A year after Mayor Bloomberg wiped out penalties for any restaurant scoring an A in its Health Department inspection, the city is collecting more fine revenue from eateries than ever before.
The mayor made the generous no-fine gesture in his 2011 State of the City speech.
By March — just two months later — Health Department inspectors were ringing up their first $4 million month.
Total collections will almost certainly exceed a record $50 million by the time the 2012 fiscal year ends June 30, up more than 50 percent in two years.
This is happening at a time when the department says it has awarded 77 percent of the city’s 22,536 restaurants the coveted grade of A, in which fines aren’t supposed to apply.
So who’s paying?
Officials say it’s the places landing the B’s and C’s, which are getting inspected more frequently.
“We basically pay more attention to those places,” explained Deputy Health Commissioner Dan Kass.
“We’re not fining more per inspection. We didn’t make the inspections harder. We didn’t raise the fines. We didn’t suddenly decide to be more punitive.”
But the grumbling about the inspection process is as loud as ever, including from some unexpected quarters.City Council Speaker Christine Quinn, who usually sees eye-to-eye with the administration, says she is being bombarded with complaints from restaurant owners.
“I have heard over and over again concerns about the grading system and the spike in fines,” said Quinn, who has scheduled hearings on the issue next month. “You hear it in every borough, in multiple neighborhoods.”
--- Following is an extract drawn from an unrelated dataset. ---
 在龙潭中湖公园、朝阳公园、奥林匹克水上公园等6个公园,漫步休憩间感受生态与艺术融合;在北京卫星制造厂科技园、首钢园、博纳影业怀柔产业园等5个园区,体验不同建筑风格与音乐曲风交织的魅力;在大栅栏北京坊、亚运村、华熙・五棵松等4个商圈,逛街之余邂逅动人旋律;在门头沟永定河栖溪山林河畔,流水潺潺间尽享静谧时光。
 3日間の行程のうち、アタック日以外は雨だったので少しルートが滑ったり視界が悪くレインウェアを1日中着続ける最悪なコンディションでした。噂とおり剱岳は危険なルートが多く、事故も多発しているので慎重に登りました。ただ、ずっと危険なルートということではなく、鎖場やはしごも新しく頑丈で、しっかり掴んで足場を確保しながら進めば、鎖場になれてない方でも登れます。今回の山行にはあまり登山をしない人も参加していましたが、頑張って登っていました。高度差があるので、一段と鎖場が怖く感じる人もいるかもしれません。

One of those complaints came from Ron Brannon, a partner of foodie superstar Donatella Arpaia.
DBar, which is part of the Donatella pizza restaurant, at Eighth Avenue and 19th Street, in Quinn’s district, was visited twice by inspectors last month and given summonses for more than $4,000.
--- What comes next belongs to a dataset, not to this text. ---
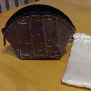 Furla Gray Croc-Embossed Coin Pouch With Dust Bag EUC

“I don’t really understand the process,” said Brannon.
“If you are a direct threat to public health and safety, by all means you should be penalized. But if you have some administrative [issues], you don’t have to come down with a sledgehammer.”
By the department’s own standards, Donatella is a model of safety and sanitation. It passed its last graded inspection a year ago with not a single violation point, rare even for four-star eateries.
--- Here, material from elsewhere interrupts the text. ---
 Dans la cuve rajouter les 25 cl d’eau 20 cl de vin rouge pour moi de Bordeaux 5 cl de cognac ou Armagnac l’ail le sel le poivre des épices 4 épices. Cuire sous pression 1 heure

Kass says there’s evidence that poorly performing restaurants have gotten the message. He expects that fines have “plateaued” and that “we’re going to see them go down.”
You can bet that restaurateurs are praying he’s right. In the meantime, they should be aware that the department notified the mayor’s budget office last November that it is counting on collecting $3.8 million more in the 2013 fiscal year.